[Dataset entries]
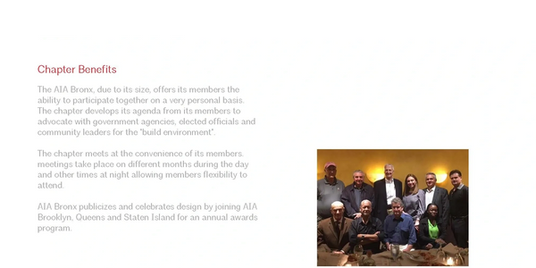 The AIA Bronx, due to its size, offers its members the ability to participate together on a very personal basis. The chapter develops its agenda from its members to advocate with government agencies, elected officials and community leaders for the "built environment". The chapter meets at the convenience of its members. Meetings take place on different months during the day and other times at night – allowing members flexibility to attend.
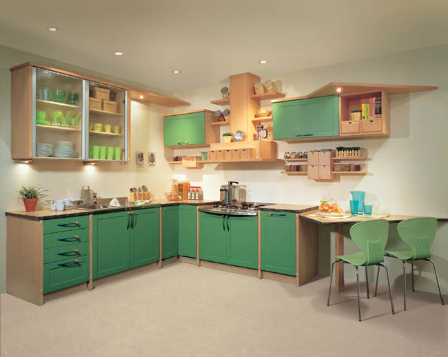 廚房中總是有些小角落。稍大的小角落,主婦們會擺一張小桌子,或幾把便于就餐時用的椅子,設計師建議選用折疊或長度可調(diào)節(jié)的連柜餐桌,不用時將其折疊,而可疊加的椅子,則可存放于柜內(nèi)或桌底;稍小的角落安置推拉式高柜,這種儲藏能力很強的柜體大大減少了對空間的需求。
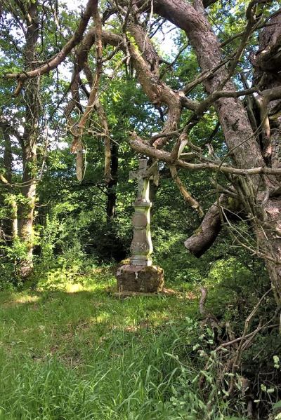 Drei alte Kiefern mit Kreuz
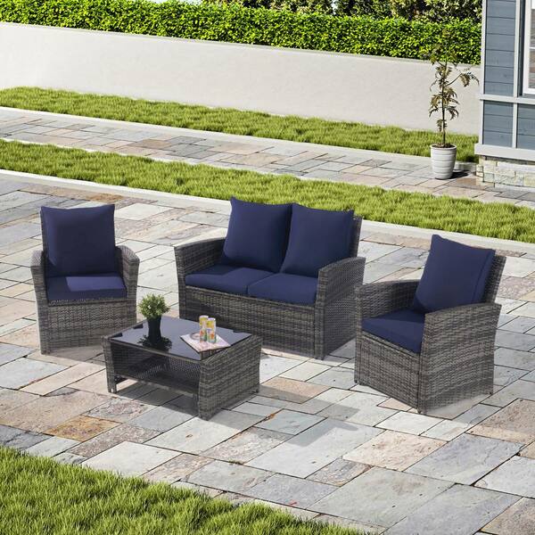 Gray 4-Piece Rattan Wicker Patio Conversation Set with Tempered Glass Coffee Table and Blue Cushions for Poolside, Lawn
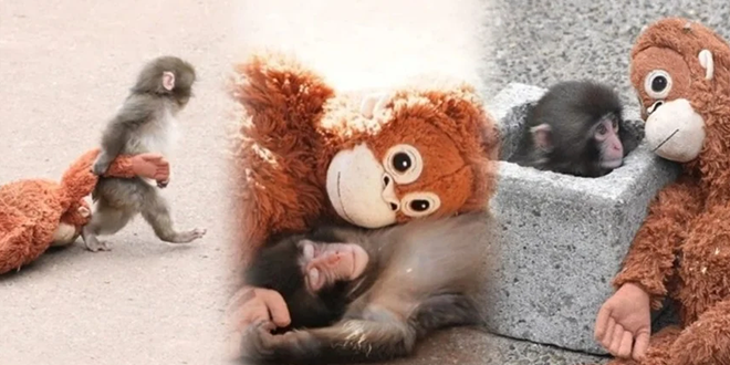 ولكن يحتاج صغار المكاك إلى التعلّق بفراء أمهاتهم منذ الساعات الأولى؛ هذا التلامس يمنحهم الأمان العاطفي ويبني قوتهم العضلية معاً، وحين حُرم بانش من ذلك، جرّب الحارسان بدائل عدة: مناشف ملفوفة ودمى مختلفة، لكن بانش وجد ضالته في دمية “أورانغوتان” كبيرة الحجم؛ فراؤها سهل القبض عليه، وملامحها تشبه وجه قرد.
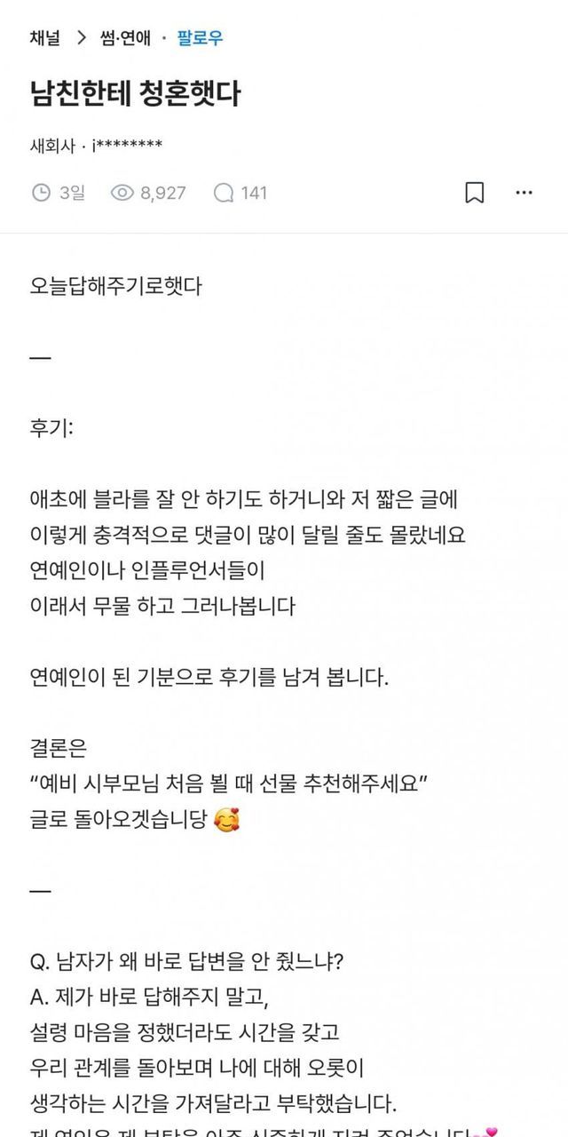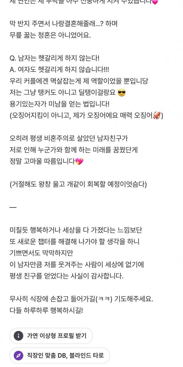 돈한푼안쓴 달랑 문자로 결혼하자 청혼한건가....ㅋㅋㅋㅋ
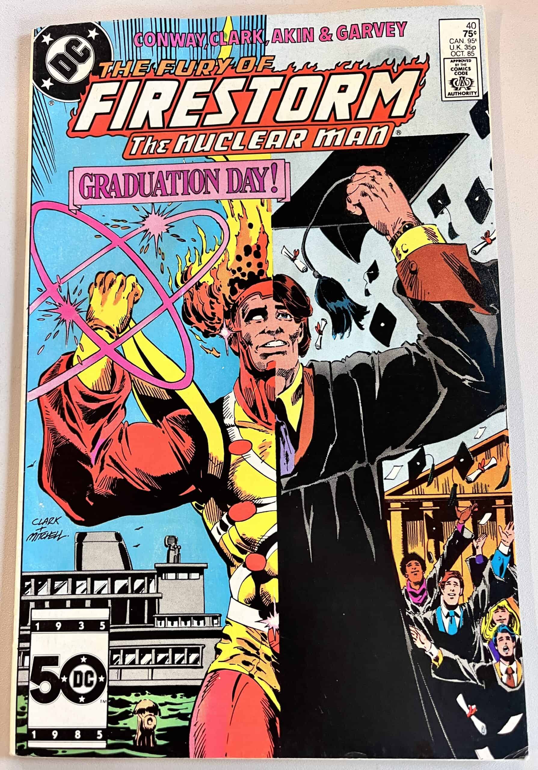 The Fury of Firestorm, the Nuclear Man was published from 1982–1990 comprising a total of one-hundred issues and five Annuals. With issue number 50, the cover title of the series changed to Firestorm, the Nuclear Man, the same title that the first, short-lived series carried.
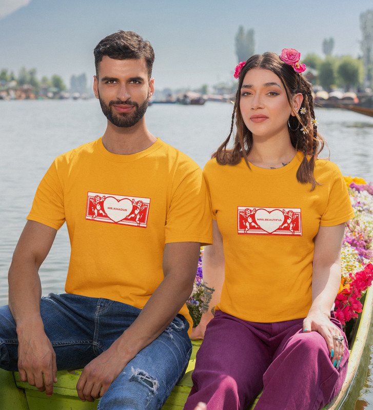 Mr Khadoos/Mrs Beautiful Printed (Yellow) T-shirts For Couples
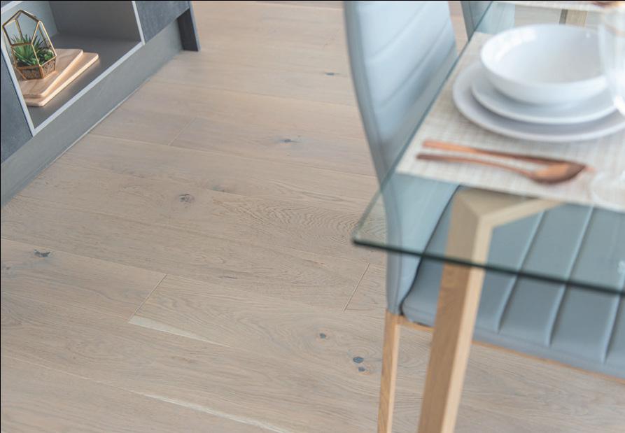 “The brushed lacquer makes the floor more tactile, giving it a natural and authentic appearance,” she says. The Select grading was chosen for its serenity.”
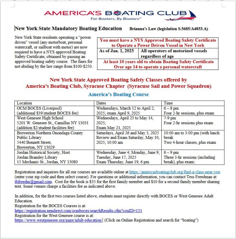 Home › Community News Releases › America’s Boating Club Offers Safety Certificate Courses America’s Boating Club Offers Safety Certificate Courses February 3, 2025 Community Submission Community News Release Share Stay Informed Finger Lakes news, delivered to your inbox every morning. First nameLast nameEmail addressZIP codeSubscribe
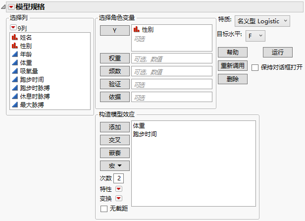 显示“模型规格”窗口,其中包含两个变量作为模型效应。请注意“特质”为“名义型 Logistic”。若响应是有序型,“特质”将为“有序型 Logistic”。
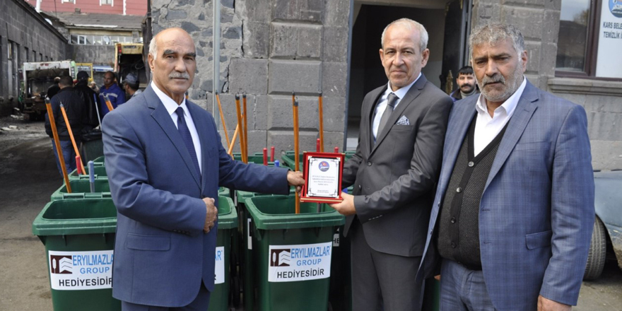 75 adet çöp toplama konteyneri, 75 adet faraj ve 75 adet süpürge desteği veren ilgili firmaya Kars Belediyesi Temizlik İşlerinden Sorumlu Başkan Yardımcısı Ferit Yenice ve Temizlik işleri Müdürü Kemal Özyılmaz, yapmış olduğu bu anlamlı destekten dolayı firma sahibine plaket vererek teşekkür etti.
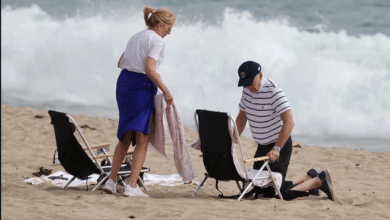 رُصد الرئيس الأمريكي السابق جو بايدن وهو يواجه صعوبة في نصب كرسي شاطئ يوم الخميس، قبل أن يسترخي تحت أشعة…
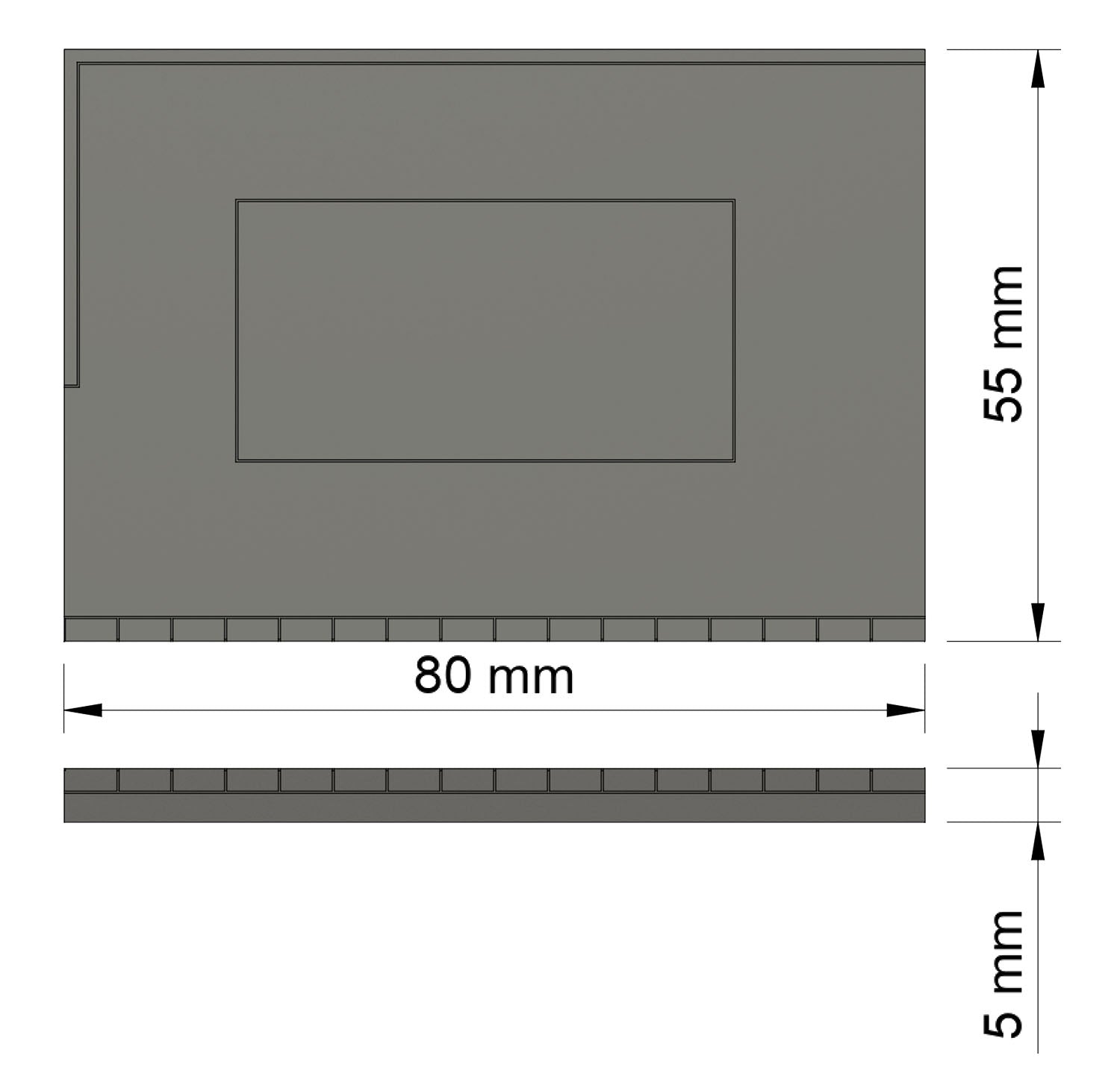 Der Artikel ist 3D-gedruckt mit dunkelgrauem PLA-Material und einer rauen, strukturierten Oberfläche, einschließlich Steinen, die nur auf einer Seite vorhanden sind.
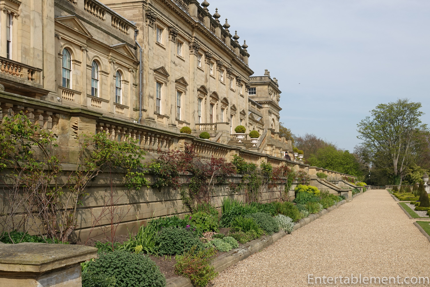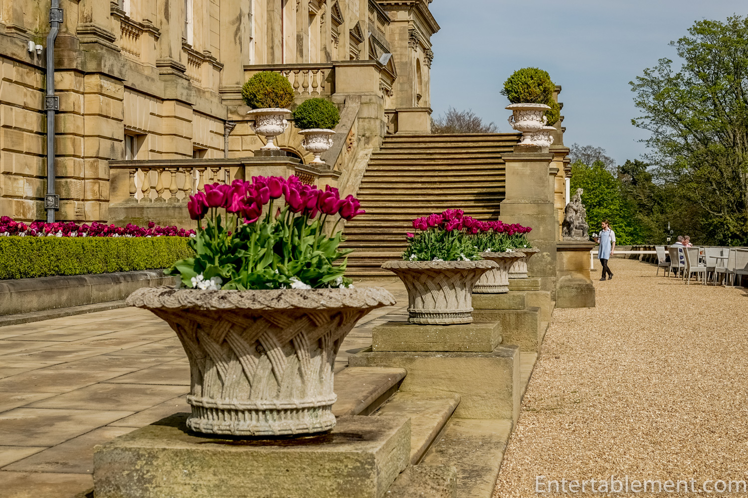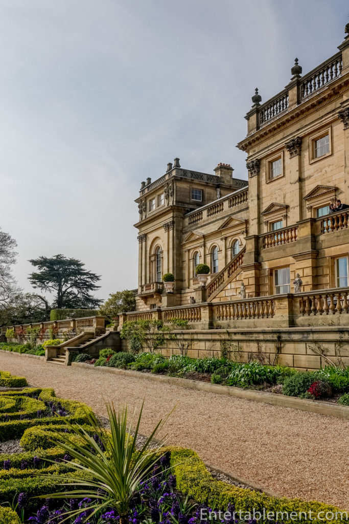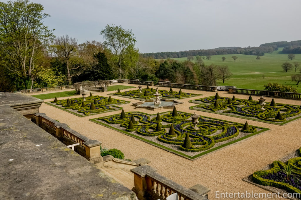 I was itching to get photos, so I left Glenn to enjoy his second cup of tea and made my way down the wide gravelled path to the edge of the parterre, just before the land drops away to the fields below. The terrace was designed by Charles Barry, the same architect who did the renovation in the 1840s for the 3rd Earl.
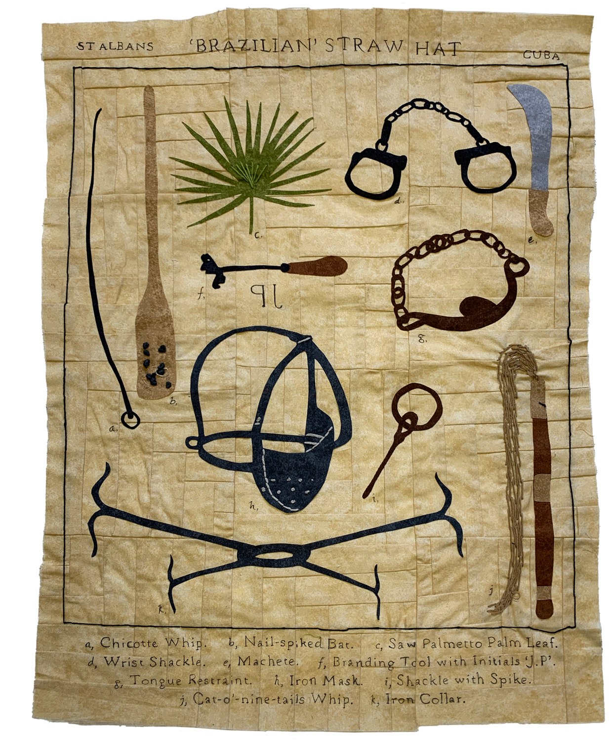 “This piece reveals the brutal violence, dehumanisation and exploitation that produced one of Hertfordshire's most treasured heritage objects - the St Albans 'Brazilian' Straw Hat. The harvesting and importation of raw palm leaves, like many other commodities produced in the Caribbean, rapidly developed Britain's 18th and 19th-century industrial era. Depicting brutal objects of punishment and torture enforced on enslaved Africans, this work speaks to one of the many unacknowledged legacies of the Transatlantic Trafficking of Enslaved Africans in Britain.”
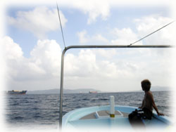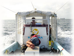 今日から海・・・でも、今日までの海・・。台風5号は確実に石垣島直撃コースをたどってきました・・・。大きく強い台風の直撃は久しぶり・・・。今回のは、真剣に恐いです・・。海は、今日は午前中までは波もまだそんでもないので、午前中に2ダイブ潜り、港でのランチタイムになりました。。
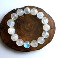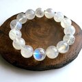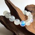 ほとんどの石はムーンストーンに特有の泡状インクルージョンを含みますが、白~半透明の地色に、神秘的なブルーやホワイトの輝き(ペリテリズム)が見られる、とても美しいブレスレットです。
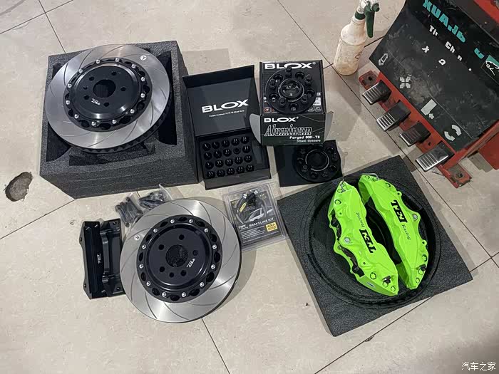 配件清单:TEI P60 NS绿色大六活塞卡钳,TEI刹车皮,TEI 355×32mm划线盘,TEI刹车钢喉,TEI 7075-T6桥码合头,Blox 6061-T6 15mm法兰盘,Blox 7075-T6螺丝,博世DOT4刹车油,之所以还用DOT4刹车油是因为纯走街,不下赛道,也不频繁暴力的一脚油门一脚刹车,不用考虑热衰减,只考虑突发状况。TEI所有的螺杆也采用了12.9震级。
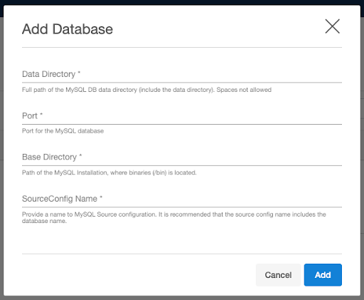 Follow these steps to add a database (Source Config), which defines the configuration of the staging database instance, to a staging Environment’s Dataset Home:

Task to complete: Look above for the line with "Gray 4-Piece Rattan" and the line with "돈한푼안쓴 달랑 문자로 결혼하자 청혼한건가....ㅋㅋㅋㅋ". Copy them and every line between, exactly, but no pictures.

Response area:
 Gray 4-Piece Rattan Wicker Patio Conversation Set with Tempered Glass Coffee Table and Blue Cushions for Poolside, Lawn
 ولكن يحتاج صغار المكاك إلى التعلّق بفراء أمهاتهم منذ الساعات الأولى؛ هذا التلامس يمنحهم الأمان العاطفي ويبني قوتهم العضلية معاً، وحين حُرم بانش من ذلك، جرّب الحارسان بدائل عدة: مناشف ملفوفة ودمى مختلفة، لكن بانش وجد ضالته في دمية “أورانغوتان” كبيرة الحجم؛ فراؤها سهل القبض عليه، وملامحها تشبه وجه قرد.
 돈한푼안쓴 달랑 문자로 결혼하자 청혼한건가....ㅋㅋㅋㅋ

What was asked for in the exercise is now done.